**EXERCISE PROMPT**
The listing must be copied out in full and exactly; no images go with it.

★ ★ ★ ★ ★ ★ ★

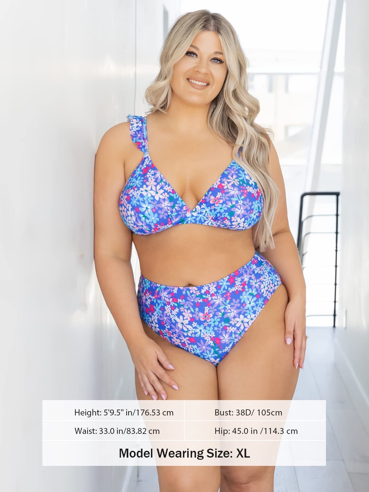 • Design: This Women Two Piece Swimsuit Floral Bikini Sets Features Deep V Neck and Ruffle Design, with the High Waist Bottom
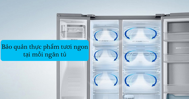 RS64R5101SL/SV được áp dụng công nghệ làm lạnh đa luồng khí (Multi Flow) và làm lạnh vòm (All-Around Cooling), hệ thống cửa thoát hơi lạnh được trang bị ở đều khắp các ngăn chứa nên luồng khí lạnh được phân bố, lan tỏa đồng đều khắp mọi ngóc ngách của tủ, giúp nhiệt độ và độ ẩm luôn được duy trì ổn định ở khắp các ngăn, ngay cả khi bạn mở tủ. Nhờ đó, các ngăn của tủ lạnh Samsung được làm lạnh đều, giúp bảo quản thực phẩm hiệu quả, tươi ngon hơn trong thời gian lâu hơn
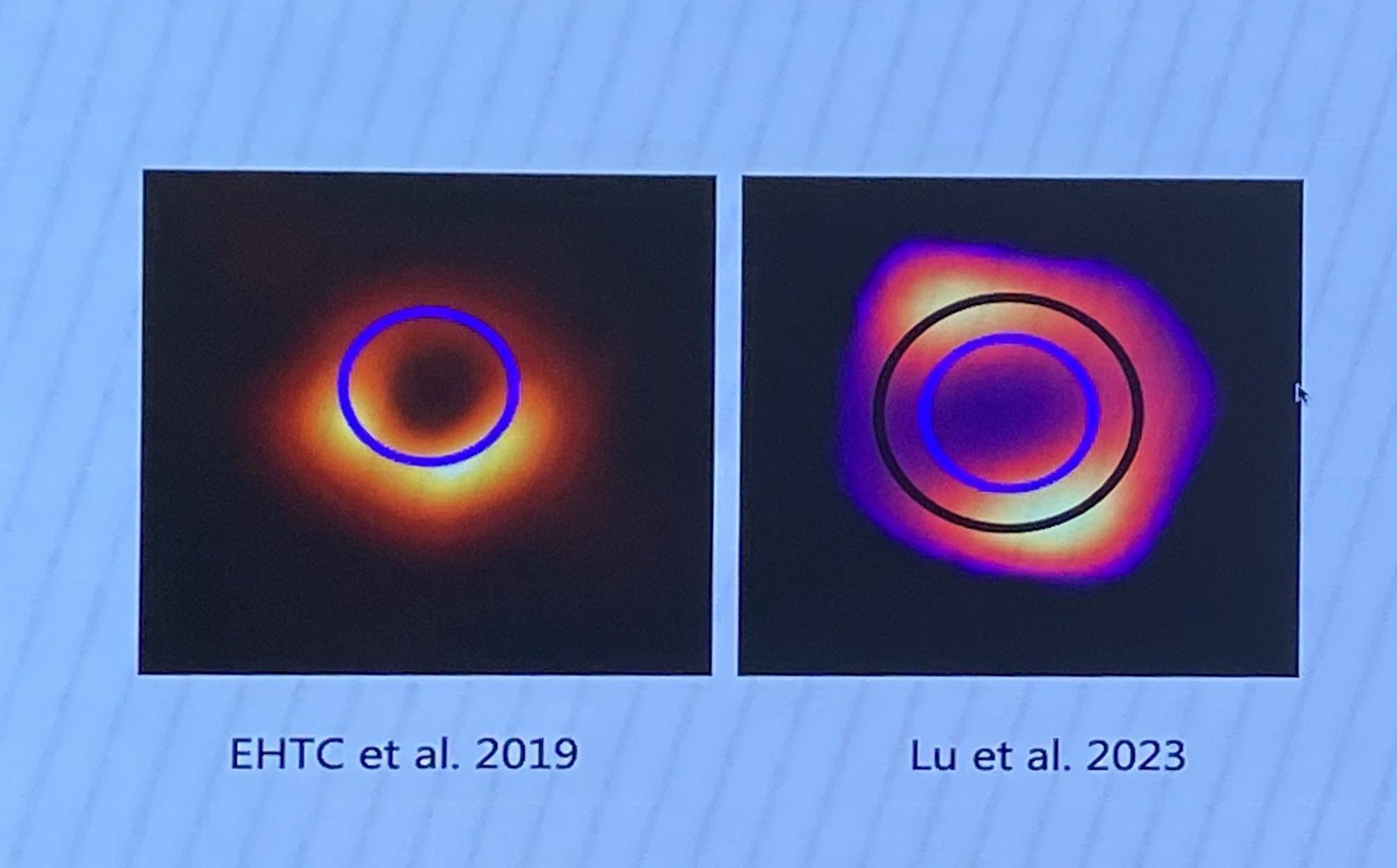 左为2019年4月10日公布的人类历史首张黑洞照片,右为2023年4月26日公布的同一个黑洞的照片,环状结构在3.5毫米波长下变得更大、更厚。
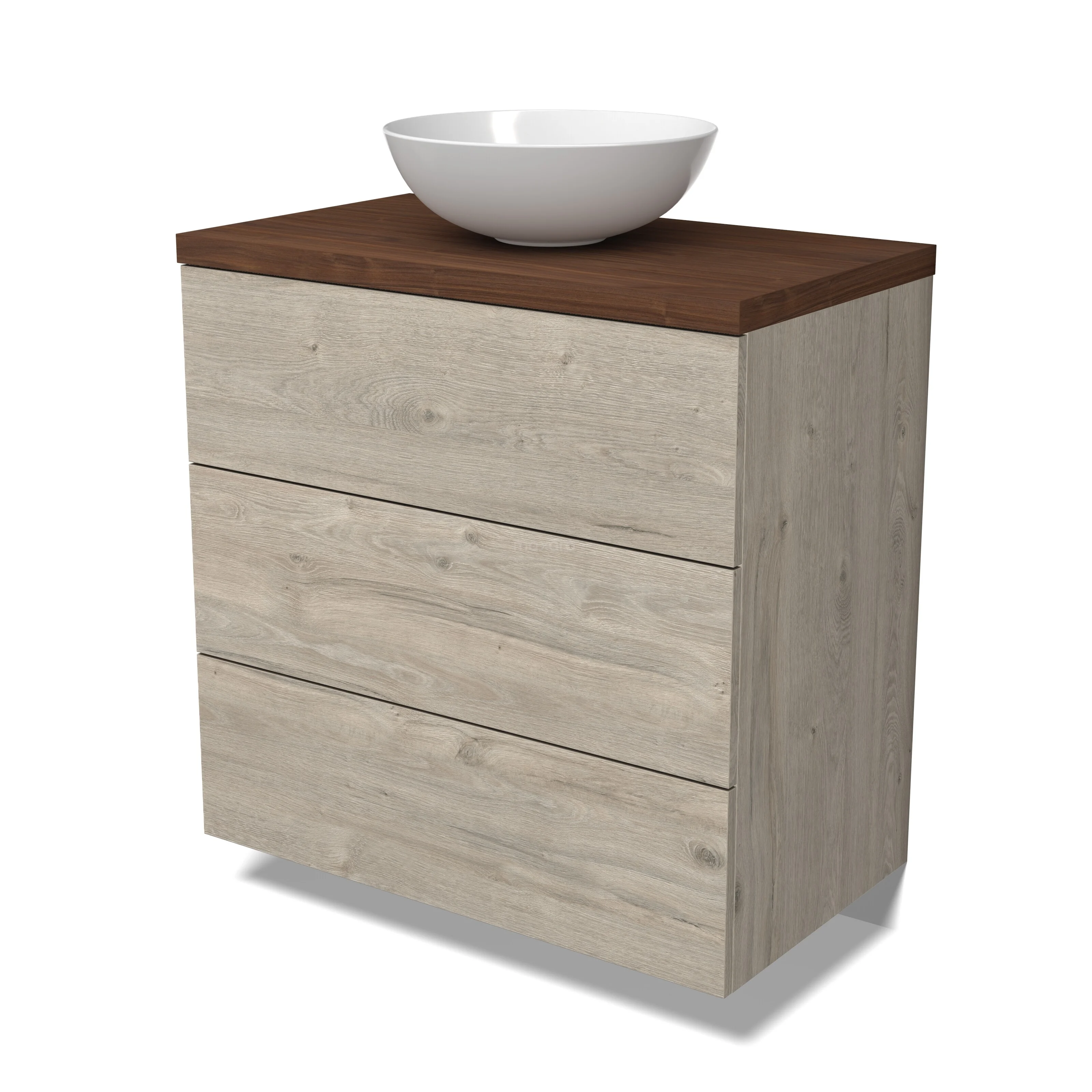 Modulo Plato Badmöbel mit Aufsatzwaschbecken | 80 cm Hellgraue Eiche Flach front Walnuss blatt 3 Schubladen
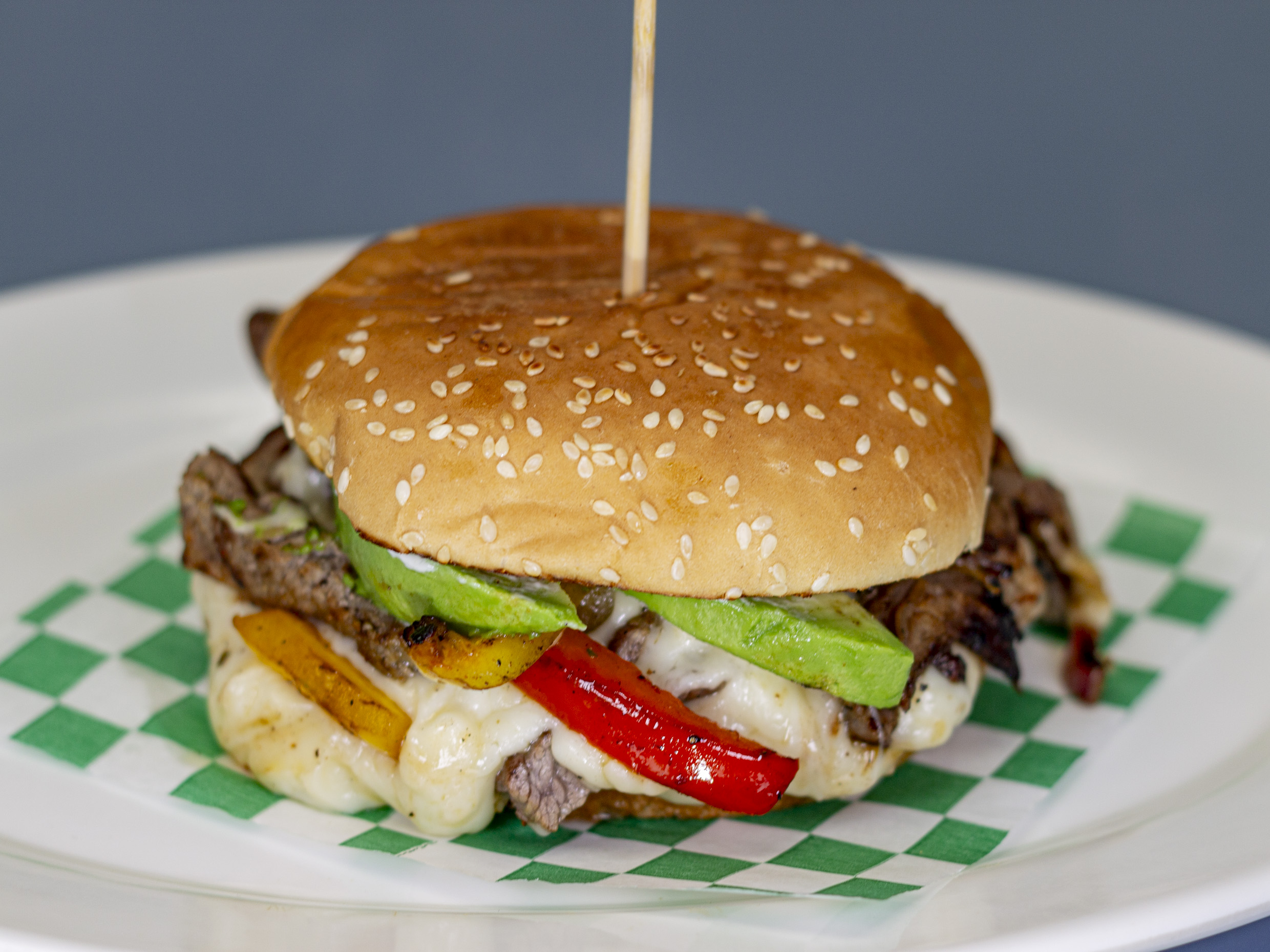 Fajitas asadas, queso, aguacate, mayonesa y verduras. Todas se sirven con aderezo original mil islas, cebolla, jitomate y lechuga.
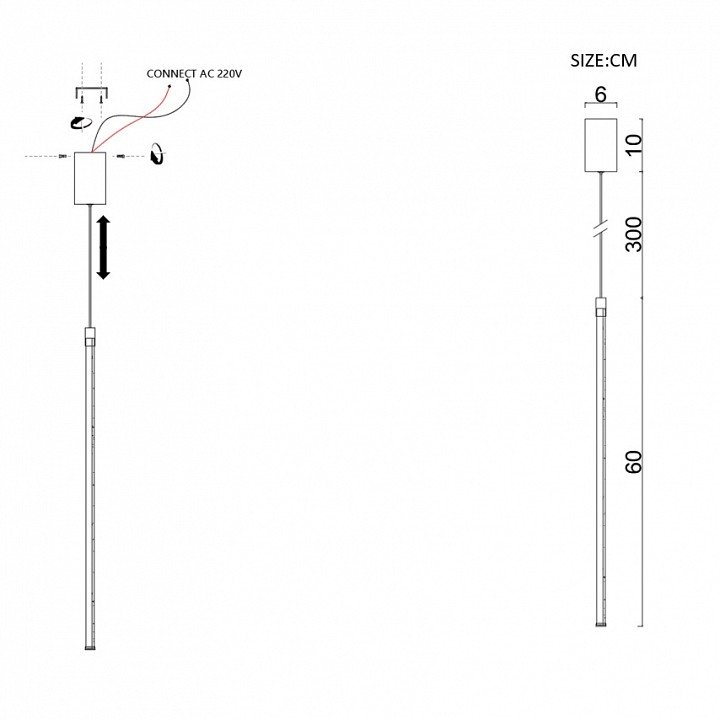 Длина подвеса, мм: 3000
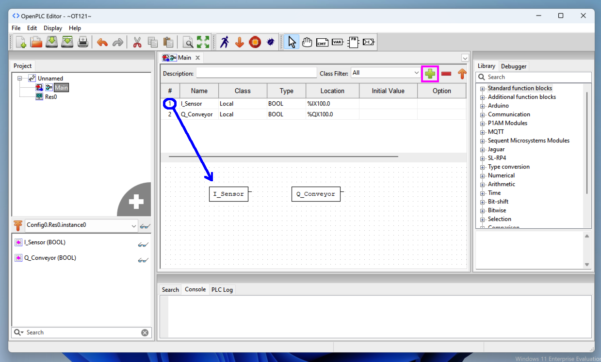 Drag the line from the I_Sensor box to the Q_Conveyor box, as shown below.

★ ★ ★ ★ ★ ★ ★

**FINISHED TASK**
 • Design: This Women Two Piece Swimsuit Floral Bikini Sets Features Deep V Neck and Ruffle Design, with the High Waist Bottom
 RS64R5101SL/SV được áp dụng công nghệ làm lạnh đa luồng khí (Multi Flow) và làm lạnh vòm (All-Around Cooling), hệ thống cửa thoát hơi lạnh được trang bị ở đều khắp các ngăn chứa nên luồng khí lạnh được phân bố, lan tỏa đồng đều khắp mọi ngóc ngách của tủ, giúp nhiệt độ và độ ẩm luôn được duy trì ổn định ở khắp các ngăn, ngay cả khi bạn mở tủ. Nhờ đó, các ngăn của tủ lạnh Samsung được làm lạnh đều, giúp bảo quản thực phẩm hiệu quả, tươi ngon hơn trong thời gian lâu hơn
 左为2019年4月10日公布的人类历史首张黑洞照片,右为2023年4月26日公布的同一个黑洞的照片,环状结构在3.5毫米波长下变得更大、更厚。
 Modulo Plato Badmöbel mit Aufsatzwaschbecken | 80 cm Hellgraue Eiche Flach front Walnuss blatt 3 Schubladen
 Fajitas asadas, queso, aguacate, mayonesa y verduras. Todas se sirven con aderezo original mil islas, cebolla, jitomate y lechuga.
 Длина подвеса, мм: 3000
 Drag the line from the I_Sensor box to the Q_Conveyor box, as shown below.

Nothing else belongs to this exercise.